In a sports program, even at young ages, children inherit responsibilities. But they also have rights.

 

The National Association for Sport and Physical Education Program has developed a "Bill of Rights for Young Athletes."

 

1. Right to participate in sports

2. Right to participate at a level commensurate with each child's maturity and ability

3. Right to have qualified adult leadership

4. Right to play as a child and not as an adult

5. Right to share in the leadership and decision-making of sport participation

6. Right to participate in safe and healthy environments

7. Right to proper preparation for participation in sports

8. Right to an equal opportunity to strive for success

9. Right to be treated with dignity

10. Right to have fun in sports

 

Development vs Professional Sports Model

 

It's important to remember that the major goals of professional sports are directly related to their status in the entertainment industry. 

 

The professional's job is to win; the ones that don't often join the ranks of the unemployed rather quickly. 

 

The developmental model of sport has a very different focus.
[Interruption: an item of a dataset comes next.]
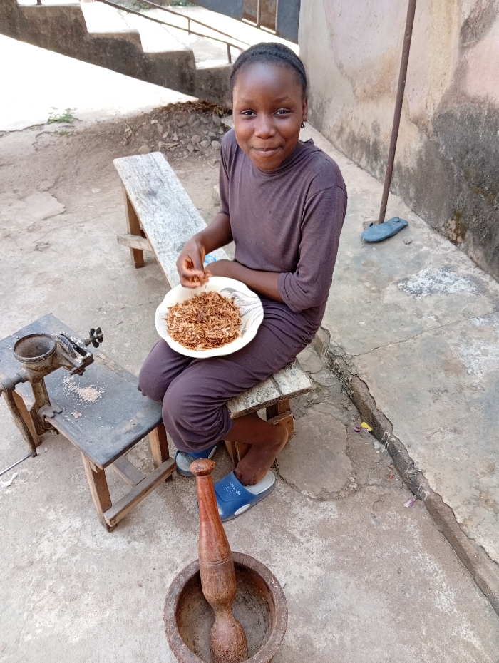 An outdoor scene in Sabon Tasha, Nigeria, depicts a young female individual seated on a weathered wooden bench. She wears a dark brown long-sleeved garment and blue and white slides. In her lap, she holds a white bowl containing numerous small, light brown, crispy food items, from which she is extracting pieces with her right hand. She smiles directly towards the camera. To her left, on a small wooden stool, a dark metal hand-crank grinding machine is positioned, with some powdered residue visible on the stool. In the foreground, a large wooden mortar holds a wooden pestle. The ground is an uneven, cracked concrete surface. In the background, a stained light-colored wall stands to the right, against which a metal pole leans, with a single dark slipper resting on the ground near its base. Concrete steps ascend in the upper-left background.

The quality of the experience, from the athlete's perspective, is the metric. Not from the perspective of the coach or parents.

 

Sport participation is an educational process whereby children and adolescents can learn to cope with realities they're likely to face later in life. While winning, and the effort to succeed are often part of the goal, winning should not be the primary goal. 

Also in the development model, dealing with adversity can come in the form of properly handling a bad call from referees or umpires or struggling against a superior competitor.